Start of RECORDS PROVIDED

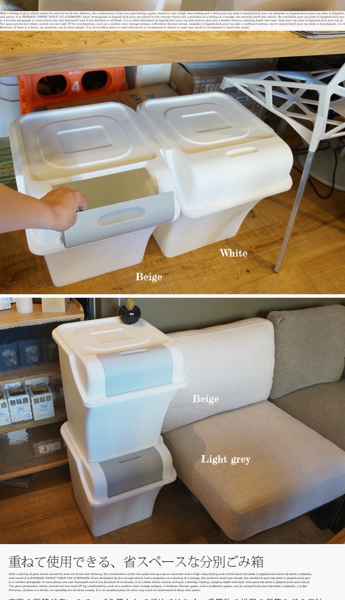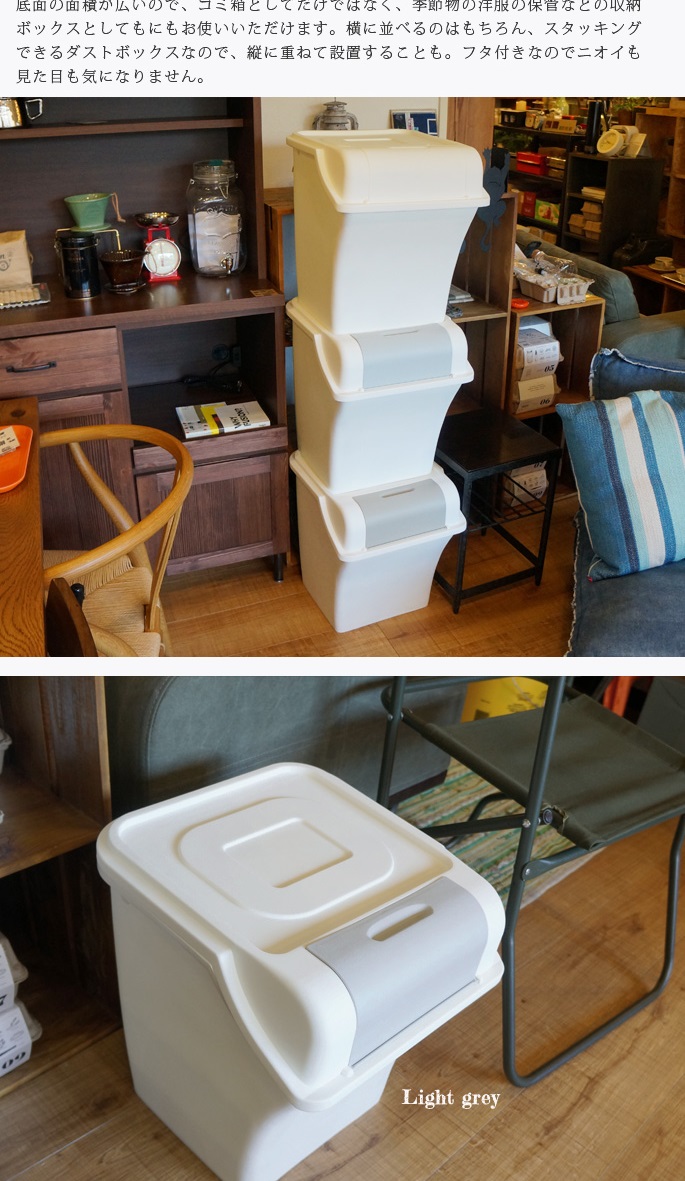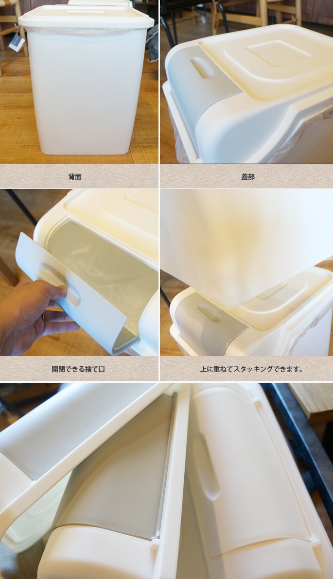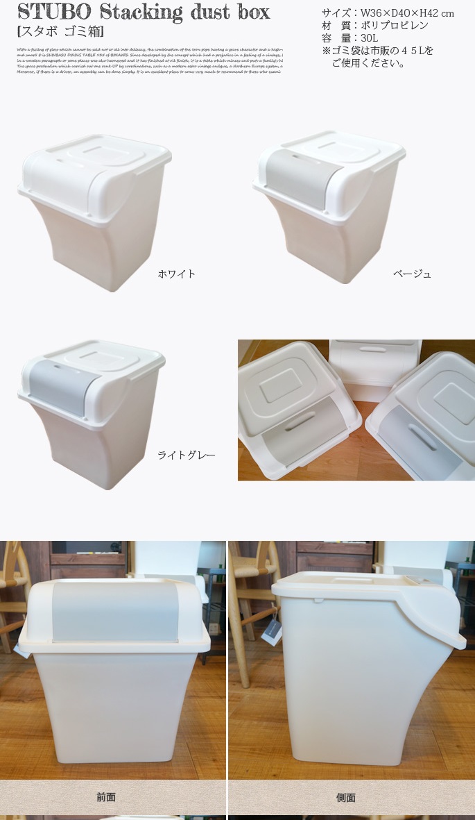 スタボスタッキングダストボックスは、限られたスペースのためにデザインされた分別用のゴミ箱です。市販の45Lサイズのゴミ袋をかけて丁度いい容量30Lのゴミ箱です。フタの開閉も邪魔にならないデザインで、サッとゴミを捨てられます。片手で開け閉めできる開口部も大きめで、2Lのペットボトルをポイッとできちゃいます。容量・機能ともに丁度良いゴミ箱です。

End of RECORDS PROVIDED
Start of RECORDS PROVIDED

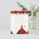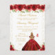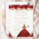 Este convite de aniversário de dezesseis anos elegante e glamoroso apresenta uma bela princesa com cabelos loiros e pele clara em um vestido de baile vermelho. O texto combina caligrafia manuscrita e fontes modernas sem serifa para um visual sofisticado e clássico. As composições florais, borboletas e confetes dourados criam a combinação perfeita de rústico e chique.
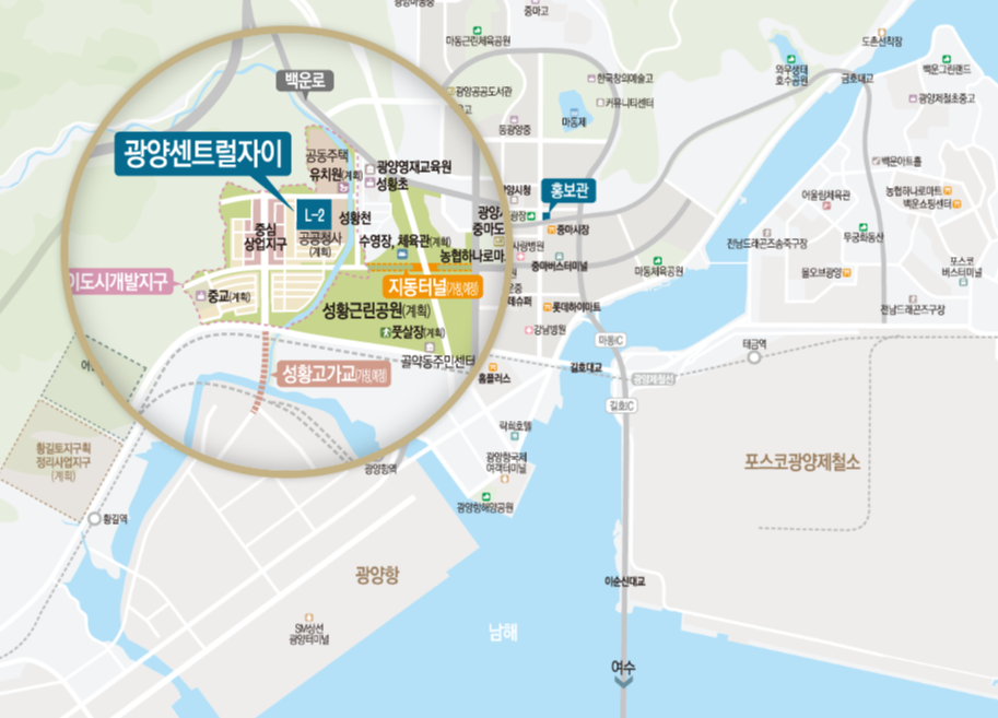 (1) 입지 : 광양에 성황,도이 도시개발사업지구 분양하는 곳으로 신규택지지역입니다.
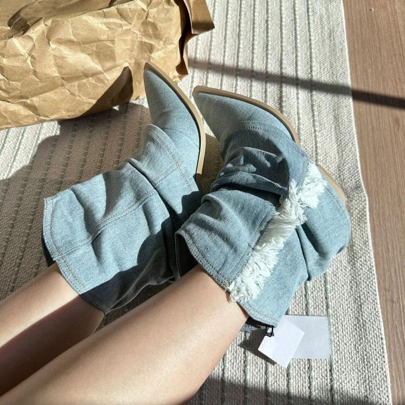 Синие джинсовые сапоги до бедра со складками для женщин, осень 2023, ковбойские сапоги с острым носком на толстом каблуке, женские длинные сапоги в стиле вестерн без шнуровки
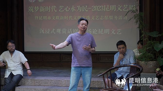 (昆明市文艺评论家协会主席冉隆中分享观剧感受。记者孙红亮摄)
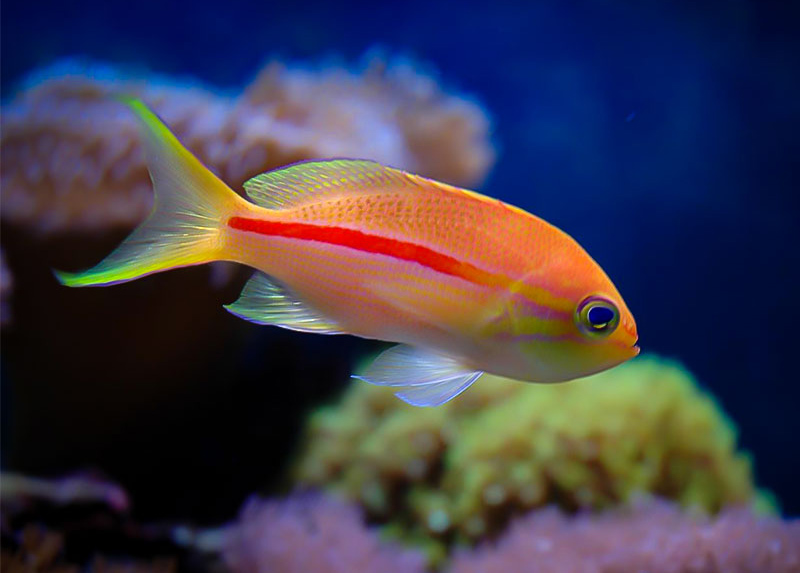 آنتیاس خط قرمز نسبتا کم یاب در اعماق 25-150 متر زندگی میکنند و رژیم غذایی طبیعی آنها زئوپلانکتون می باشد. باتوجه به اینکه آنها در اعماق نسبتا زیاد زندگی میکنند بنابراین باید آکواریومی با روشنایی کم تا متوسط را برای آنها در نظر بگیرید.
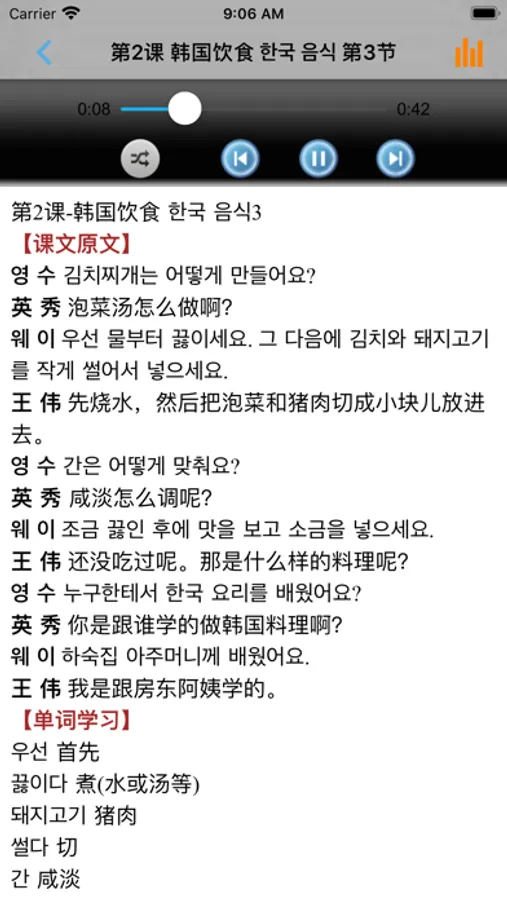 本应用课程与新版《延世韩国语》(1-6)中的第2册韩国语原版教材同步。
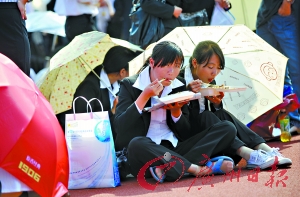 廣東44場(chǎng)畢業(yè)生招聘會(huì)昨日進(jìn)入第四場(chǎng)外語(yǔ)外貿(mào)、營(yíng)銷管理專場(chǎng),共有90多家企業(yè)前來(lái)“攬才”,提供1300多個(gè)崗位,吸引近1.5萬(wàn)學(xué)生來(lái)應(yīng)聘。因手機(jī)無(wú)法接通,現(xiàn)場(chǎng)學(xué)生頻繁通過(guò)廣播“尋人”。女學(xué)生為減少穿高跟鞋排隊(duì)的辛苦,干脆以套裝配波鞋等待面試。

End of RECORDS PROVIDED
Start of RECORDS PROVIDED

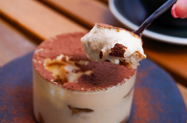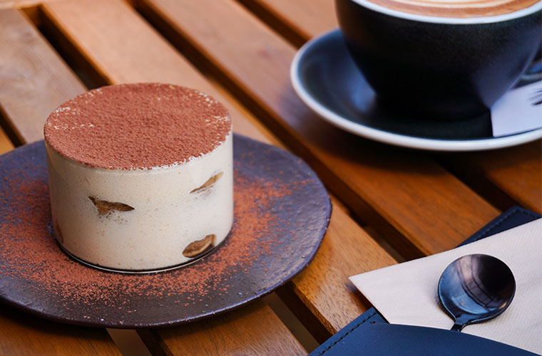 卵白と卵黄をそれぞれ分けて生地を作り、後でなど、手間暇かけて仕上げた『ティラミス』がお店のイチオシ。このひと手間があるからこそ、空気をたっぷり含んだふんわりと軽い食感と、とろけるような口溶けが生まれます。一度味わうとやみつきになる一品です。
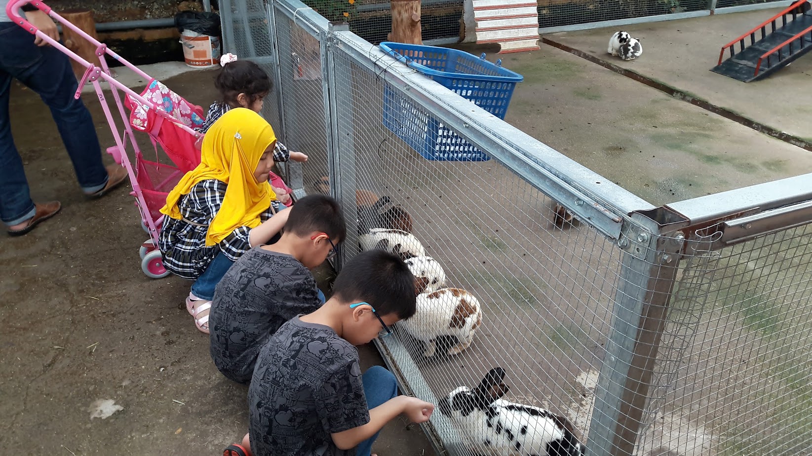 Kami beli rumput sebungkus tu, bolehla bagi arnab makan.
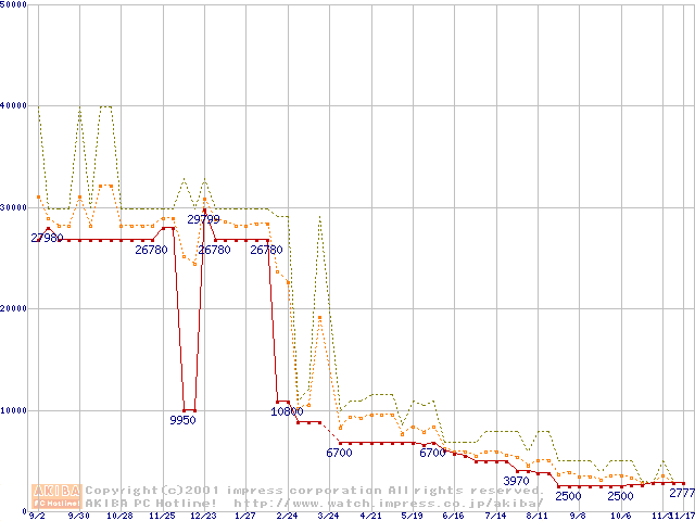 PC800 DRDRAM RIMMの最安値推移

End of RECORDS PROVIDED

WHAT YOU SHOULD DO —
Find the line with "(昆明市文艺评论家协会主席冉隆中分享观剧感受。记者孙红亮摄)" in the entries above. Set down exactly every line from it up to and including the line with "廣東44場(chǎng)畢業", images excluded.

YOUR SOLUTION —
 (昆明市文艺评论家协会主席冉隆中分享观剧感受。记者孙红亮摄)
 آنتیاس خط قرمز نسبتا کم یاب در اعماق 25-150 متر زندگی میکنند و رژیم غذایی طبیعی آنها زئوپلانکتون می باشد. باتوجه به اینکه آنها در اعماق نسبتا زیاد زندگی میکنند بنابراین باید آکواریومی با روشنایی کم تا متوسط را برای آنها در نظر بگیرید.
 本应用课程与新版《延世韩国语》(1-6)中的第2册韩国语原版教材同步。
 廣東44場(chǎng)畢業(yè)生招聘會(huì)昨日進(jìn)入第四場(chǎng)外語(yǔ)外貿(mào)、營(yíng)銷管理專場(chǎng),共有90多家企業(yè)前來(lái)“攬才”,提供1300多個(gè)崗位,吸引近1.5萬(wàn)學(xué)生來(lái)應(yīng)聘。因手機(jī)無(wú)法接通,現(xiàn)場(chǎng)學(xué)生頻繁通過(guò)廣播“尋人”。女學(xué)生為減少穿高跟鞋排隊(duì)的辛苦,干脆以套裝配波鞋等待面試。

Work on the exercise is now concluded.